Кем же была  «многоликая» Таня в середине 1890-х годов, времени самой тесной своей связи с Чеховым?  В эти годы Щепкина-Куперник только начинала писать – и то в том духе, который вряд ли мог заинтриговать Чехова (впоследствии она сама отмечала свое пристрастие к несложным сюжетам, оправдывая это фразой Гейне «Все это старая сказка, но вечно она нова»). Она создавала пьесы, в основном одноактные, пользовавшиеся определенным успехом, публиковала прозаические произведения, несколько мелодраматического толка («любила стариков и старушек, часто /…/ их делала героями своих рассказов, чувствуя всю невысказанную патетику старости» ), пробовала свои силы в стихах. И если ее пьесы Чехову не очень нравились –  он всегда отзывался о них с долей иронии («Я хочу прочесть здесь лекцию «об упадке драматического искусства в связи с вырождением» - и мне придется прочесть отрывки из Ваших пьес» , - писал он ей), то об одном ее стихотворении («На кладбище». – М.М.), навеянном похоронами его отца, отозвался очень горячо: оно «просто прелесть, одно великолепие. Очень, очень хорошо» . Тем не менее, ее драматические произведения он старался даже пропагандировать, чем подтверждал свое дружескую заинтересованность в ее судьбе: драматический этюд «Вечность в мгновении» рекомендовал Ялтинской женской гимназии для постановки, обещая автору гонорар в «один рупь» и своевременную рецензию, а «Романтики» Э.Ростана действительно были благодаря его хлопотам там поставлены. Он одним из первых оценил Щепкину-Куперник как переводчика, отмечая «изящество»  перевода этой пьесы французского драматурга, хотя его творчество считал «высокопарным и ходульным» .

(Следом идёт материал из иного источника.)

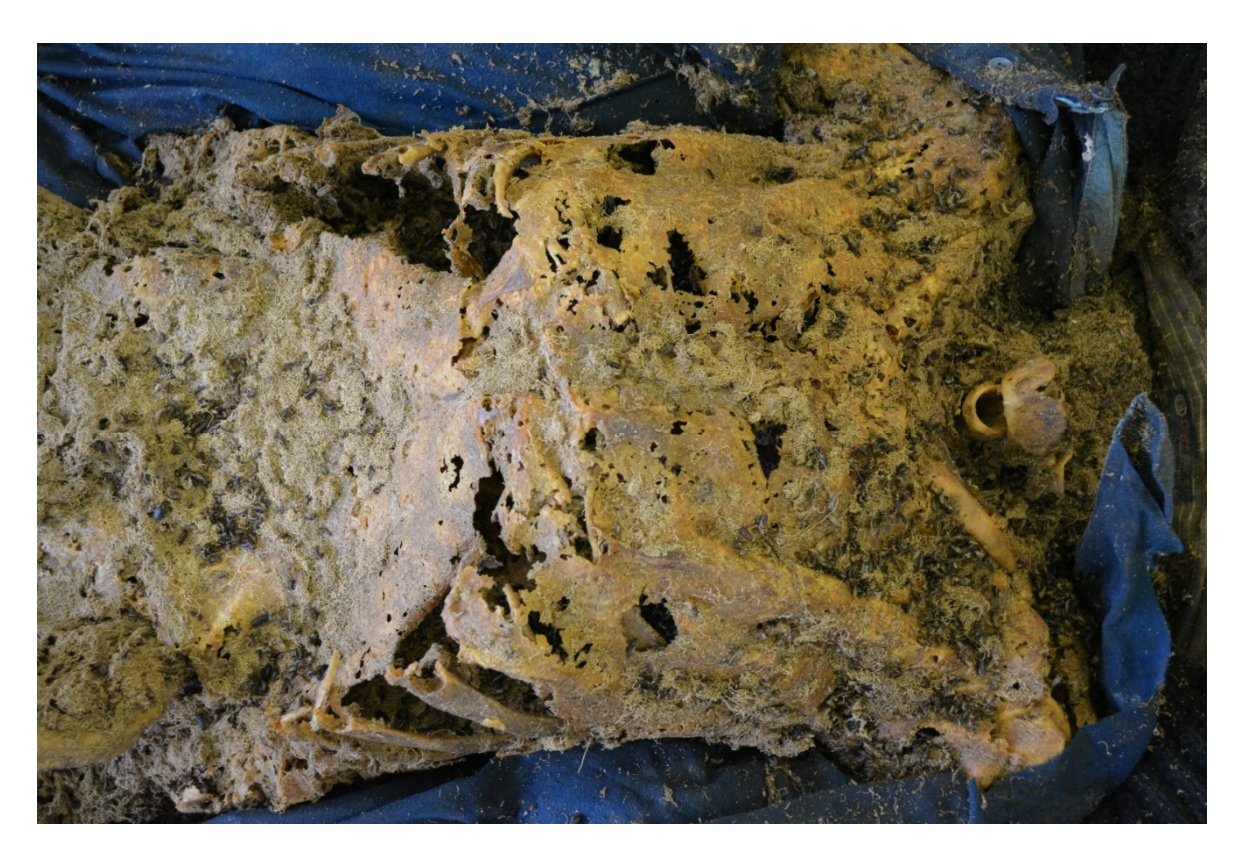
Figure 2. Feeding marks of Dermestes sp. (Coleoptera: Dermestidae) on the trunk of the cadaver (case, #1).

Хвалил же он Татьяну Львовну чаще под видом шутки, так, что не совсем было понятно, насколько можно доверять положительной оценке. «Сегодня, в 9 часов утра /…/ прочел Ваше «Одиночество» и простил Вам все Ваши прегрешения. Рассказ положительно хорош, и нет сомнения, что Вы умны и бесконечно хитры. Меня больше всего тронула художественность рассказа» . «Художественность», которая может «тронуть»? Это как-то не «по-чеховски»… Или вот другой пример. Чехов будто бы говорил: «У нее только 25 слов. Упоенье, моленье, трепет, лепет, слезы, грезы. И она с этими словами пишет чудные стихи» . И тоже непонятно – издевался он или восторгался? И все же он считал ее «талантливой девочкой» , хотя и сетовал, что «бабы с пьесами размножаются не по дням, а по часам» . Чехову не могла быть близка заданность пьес Щепкиной-Куперник, их морализаторский характер, экзальтированность их тона, то, что в них страсти «рвутся в клочья».
Середина 1890-х годов - это частые визиты Чехова в Москву, когда он проводил время, по собственному признанию, словно в «каком-то чаду», но при этом чувствовал себя беспредельно «свободным»  и счастливым, окруженным всеобщим вниманием и поклонением. Чуть позже – приобретение Мелихова и обустройство в этом любимом им уголке России. Для Чехова – это один из стабильнейших периодов жизни, когда признаки губительной болезни еще не были явными, а творческие силы все прибывали и прибывали. Для Щепкиной-Куперник – это время «легкодумной юности» , когда она вращалась в компании людей, умевших веселиться как дети: «почтенный профессор политической экономии Иванюков лез под стол и лаял оттуда собакой, а толстый, как воздушный шар, писатель Михеев танцевал балетное па» . Чехов, казалось бы, разделял все увлечения московской шумной компании, участвовал в розыгрышах и «общих плаваниях», но проницательная Щепкина-Куперник уже тогда уловила, что «за его шутками чувствовалась грусть и отчужденность», что «он не с нами», что он – зритель, а не действующее лицо /…/» . Но и он все же мог «соответствовать» царящему настроению: прозвал себя Авеланом, которого всюду, как морского министра Франции, принимают с распростертыми объятиями, или св. Антонием, как на фото, где он, сохраняющий каменное лицо, изображен со смеющимися, тянущимися к нему Яворской и Щепкиной-Куперник.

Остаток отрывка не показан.